The average admission rate for all four-year colleges has decreased to 63%, and there are nearly 100 highly selective programs that admit fewer than 30% of applicants. It is easy for students (and parents) to get swept up in the competition. A private college counselor can help you create a reasonable list of appropriate schools to apply to across a few different levels of selectivity.
Most families save for years to pay for their child’s college education. According to The College Board, the average public university now costs close to $25,000 per year (tuition, fees, room & board) while the average private university education tops $40,000 annually. Increases in college tuition have outpaced growth in median family income over the last several decades. Student debt stands at $1.3 trillion dollars... You get the idea. An independent college counselor can help you research and evaluate financial fit and provide resources for your scholarship search.
However, not only is tuition expensive, but a typical application will cost $50 or more. Many families spend upwards of $1000 on application fees, standardized testing and college visits. Why not consult with someone who can help you make the best financial decision for your family throughout the application process and beyond?
Unfortunately, your high school’s college counselor may not have the time to work with you on a regular basis throughout your high school career. The national average student to counselor ratio stands at 491:1 according to the American School Counselor Association, while the ratio is 502:1 in Washington State. Furthermore, an average of only 23% of a counselor’s time is spent on college counseling, meaning even less support for college-bound students. Independent counselors can fill in the gaps and work in tandem with your high school’s counselor throughout the process.
A private college counselor will be able to provide customized, one-on-one assistance for students and families throughout the process, whether it’s starting freshman year or during the chaotic application season only. When choosing a counselor, it is important to find someone with real admissions and advising experience! Many counselors claim that they are qualified after helping their child apply to college, but they have never read applications, interviewed students, or advised families on programs of best fit.

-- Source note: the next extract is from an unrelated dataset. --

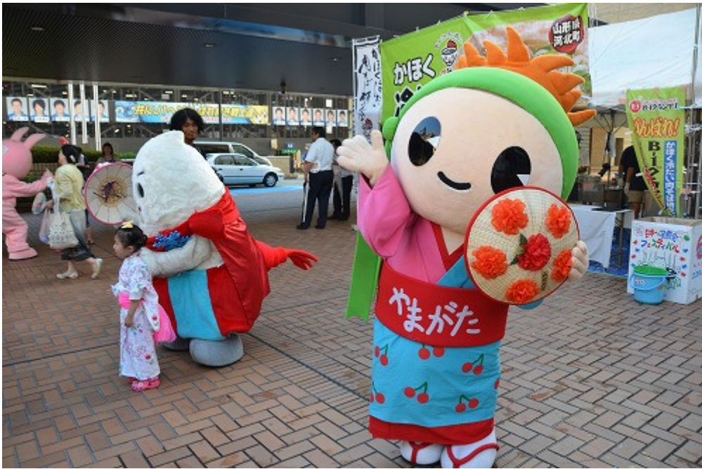
山形市のお宝発見大使「花形ベニちゃん」。

Be sure to do your research, as there is a lot of variation in qualifications out there. Be wary of any counselor who asks you to pay exorbitant fees upfront, who guarantees admission to certain programs, or who promises to write essays for students. I recommend consulting the IECA or HECA databases to find experienced, ethical counselors.
I am a member of several professional associations and regularly participate in admissions and advising-related professional development. I'm committed to staying current on admissions trends in order to best serve students and families. And I regularly visit college campuses throughout the nation because nothing can replace the campus visit experience!